-- WORK INSTRUCTION --
Pictures should be left out while the data beneath this task is written out word for word.

-- SUPPLIED MATERIAL --
-=-=-

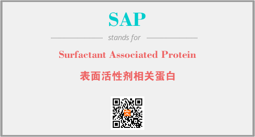 上述内容是“Surfactant Associated Protein”作为“SAP”的缩写,解释为“表面活性剂相关蛋白”时的信息,以及英文缩略词SAP所代表的英文单词,其对应的中文拼音、详细解释以及在英文中的流行度和相关分类、应用领域及应用示例等。
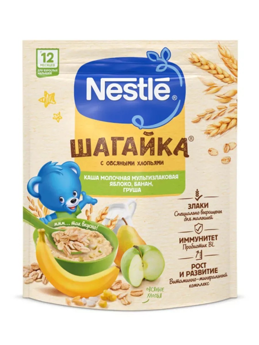 Каша Nestlé ШАГАЙКА Молочная мультизлаковая с яблоком, бананом, грушей с 12 мес 190г с бифидобактериями BL. Молочная каша Нестле 5 злаков, яблоко, банан, груша разработана специально для питания детей старше 12 месяцев согласно законодательству РФ. Каша ШАГАЙКА содержит натуральные овсяные хлопья и кусочки фруктов и ягод, которые создают особую текстуру и способствуют развитию навыков жевания, тем самым готовят ребенка к переходу на взрослый стол. Каждая порция содержит необходимые витамины и минеральные вещества, благодаря комплексу iRON+ в составе, а также бифидобактерии BL - пробиотики, которые способствуют нормализации пищеварения, росту здоровой микрофлоры и укреплению иммунитета, что очень важно в период активного развития растущего организма. Отобранное сочетание фруктов, ягод и злаков создают неповторимый вкус.ВАЖНОЕ ПРИМЕЧАНИЕ: идеальной пищей для грудного ребенка является молоко матери. Всемирная организация здравоохранения рекомендует исключительно грудное вскармливание в первые шесть месяцев и последующее введение прикорма при продолжении грудного вскармливания. Состав: мука (пшеничная (52,4 %) (содержит глютен), овсяная (7,2 %) (содержит глютен), рисовая (1,8 %), кукурузная (1,8 %)), молоко сухое обезжиренное (16,6 %), смесь растительных масел (низкоэруковое рапсовое, подсолнечное высокоолеиновое, подсолнечное), антиокислители (L-аскорбилпальмитат, альфа-токоферол, лимонная кислота), хлопья овсяные (5,2 %) (содержат глютен), кусочки яблока (3,1 %) (яблоко, сахар, крахмал кукурузный), кусочки банана (1 %), хлопья груши (1 %), минеральные вещества (кальция карбонат, железа (II) фумарат, цинка сульфат, йодид калия), витамины (С (L-аскорбиновая кислота), E (DL-альфа-токоферола ацетат), РР (никотинамид), B5 (D-пантотенат кальция), A (ретинола ацетат), В1 (тиамина мононитрат), В6 (пиридоксин гидрохлорид), В2 (рибофлавин), B9 (фолиевая кислота), D (D3 холекальциферол)), бифидобактерии не менеене менее 1х10^6 КОЕ/г
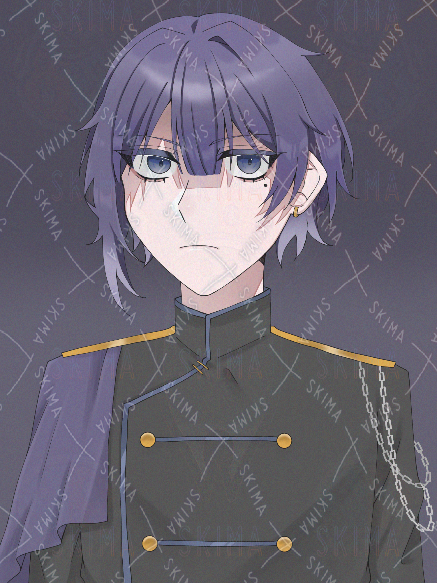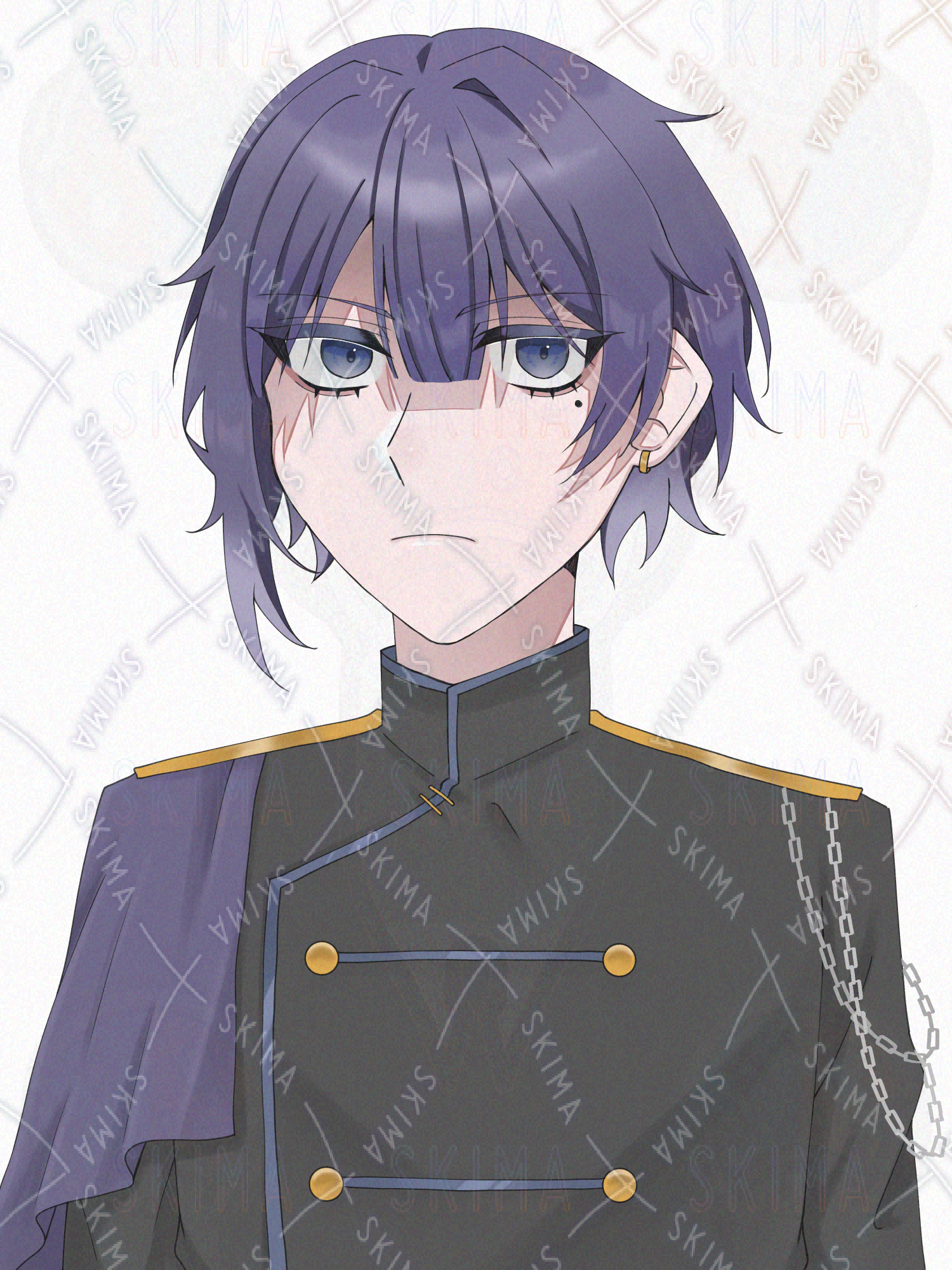 金色の装飾とチェーンがアクセントになった、重厚感のある軍服を着たミステリアスな雰囲気の青年です。

-=-=-

-- RESPONSE TO THIS TASK --
 上述内容是“Surfactant Associated Protein”作为“SAP”的缩写,解释为“表面活性剂相关蛋白”时的信息,以及英文缩略词SAP所代表的英文单词,其对应的中文拼音、详细解释以及在英文中的流行度和相关分类、应用领域及应用示例等。
 Каша Nestlé ШАГАЙКА Молочная мультизлаковая с яблоком, бананом, грушей с 12 мес 190г с бифидобактериями BL. Молочная каша Нестле 5 злаков, яблоко, банан, груша разработана специально для питания детей старше 12 месяцев согласно законодательству РФ. Каша ШАГАЙКА содержит натуральные овсяные хлопья и кусочки фруктов и ягод, которые создают особую текстуру и способствуют развитию навыков жевания, тем самым готовят ребенка к переходу на взрослый стол. Каждая порция содержит необходимые витамины и минеральные вещества, благодаря комплексу iRON+ в составе, а также бифидобактерии BL - пробиотики, которые способствуют нормализации пищеварения, росту здоровой микрофлоры и укреплению иммунитета, что очень важно в период активного развития растущего организма. Отобранное сочетание фруктов, ягод и злаков создают неповторимый вкус.ВАЖНОЕ ПРИМЕЧАНИЕ: идеальной пищей для грудного ребенка является молоко матери. Всемирная организация здравоохранения рекомендует исключительно грудное вскармливание в первые шесть месяцев и последующее введение прикорма при продолжении грудного вскармливания. Состав: мука (пшеничная (52,4 %) (содержит глютен), овсяная (7,2 %) (содержит глютен), рисовая (1,8 %), кукурузная (1,8 %)), молоко сухое обезжиренное (16,6 %), смесь растительных масел (низкоэруковое рапсовое, подсолнечное высокоолеиновое, подсолнечное), антиокислители (L-аскорбилпальмитат, альфа-токоферол, лимонная кислота), хлопья овсяные (5,2 %) (содержат глютен), кусочки яблока (3,1 %) (яблоко, сахар, крахмал кукурузный), кусочки банана (1 %), хлопья груши (1 %), минеральные вещества (кальция карбонат, железа (II) фумарат, цинка сульфат, йодид калия), витамины (С (L-аскорбиновая кислота), E (DL-альфа-токоферола ацетат), РР (никотинамид), B5 (D-пантотенат кальция), A (ретинола ацетат), В1 (тиамина мононитрат), В6 (пиридоксин гидрохлорид), В2 (рибофлавин), B9 (фолиевая кислота), D (D3 холекальциферол)), бифидобактерии не менеене менее 1х10^6 КОЕ/г
 金色の装飾とチェーンがアクセントになった、重厚感のある軍服を着たミステリアスな雰囲気の青年です。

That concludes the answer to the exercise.